CHAPTER 5

Transformation of iterative and recursive constructs

The dependence information gathered using the techniques of Chapter 2 can be used to determine the legality, and sometimes the utility, of a variety of transformations on loops. Many of the transformation we now discuss have as their primary goal improving program performance instead of transforming programs to a form that is easier to parallelize.

5.1 LOOP BLOCKING OR STRIP MINING

Loop blocking is used break the iteration space of a loop into blocks of contiguous iterations. The two primary uses for loop blocking are (i) to split loops up into chunks of computation that can be executed as single vector instruction, and (ii) as one step in performing loop tiling (see Section 5.6) to achieve better locality.

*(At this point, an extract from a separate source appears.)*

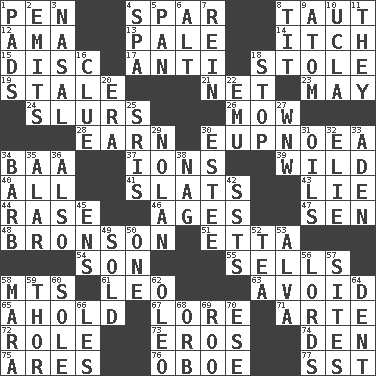 ACROSS 1. Writing instrument 4. Coast Guard woman 8. Tense 12. Nursemaid (var.) 13. Diluted with white 14. Hankering 15. Compact _ 17. Opposed to 18. Took without asking 19. Showing deterioration from age 21. Fish or hair follower 23. Fifth month 24. Runs notes together 26. Cut the grass 28. Merit 30. Normal relaxed breathing 34. Sound made by sheep 37. Charged atoms 39. Uncontrolled 40. 100% 41. Narrow boards 43. Whopper 44. To erase 46. Eons 47. Elected rep. 48. "Death Wish" actor 51. Singer James 54. Male offspring 55. Makes a sale 58. Mountains (abbr.) 61. Lion 63. Stay clear from 65. Hold, grip (Informal) 67. Old wives' tales, e.g. 71. Johnson of "Laugh-In" 72. Hero or heavy, e.g. 73. Greek god of love 74. Lair 75. Ancient Greek god of war 76. Mitch Miller's instrument 77. Fast jet (abbr.) DOWN 1. Groovy apts. 2. Sends forth 3. Relating to the nose 4. Health resort 5. Baking dish 6. The first octave above the treble staff 7. It's straight from the horse's mouth 8. Teat (slang) 9. Tiny particle 10. Southern CA. univ. 11. Those things 16. A slight indication 18. Cease 20. Period 22. Australian flightless bird 25. Indian titles of respect 27. Compass dir. 29. Pitcher Ryan 30. First name in cosmetics 31. Petroleums 32. Writer Wiesel 33. Arabian gulf 34. Sharp remark 35. Having or resembling wings 36. In addition 38. Tired old horse 42. Fast planes 45. Followers of ems 49. Disposed of to a purchaser 50. Single 52. Afternoon social gathering 53. Inventor's middle name 56. Domineers 57. Settings 58. Hindu Mythology: god of death 59. Son of Odin 60. Flatfish 62. Margarine 64. Gouge 66. French article 68. Globe 69. Friend of Pooh 70. Compass dir.

Figure 5.1 shows a loop before and after blocking. The loop is split into a pair of loops, where the outer loop jumps from block to block of the iteration space, and the inner loop traverses the individual iterations in the block. bs is the block size, that is, the number of iterations in each block.

Images

Figure 5.1: An example of loop blocking.

As can be observed from the code, blocking itself has no affect on the order of memory accesses in the program, and is therefore always legal. The only adverse effect on performance comes from slightly higher loop overheads from the additional inner loop.

5.2 LOOP UNROLLING

Small loop bodies present several problems to a compiler. Compilers are limited in their ability to express optimizations that increase cross-iteration sharing of data values1. Other problems with small loop bodies include a smaller window over which to do instruction scheduling and there are fewer instructions over which loads can be moved to mask memory latency and a smaller window over which register allocation can be performed, potentially leading to additional loads and stores of data value.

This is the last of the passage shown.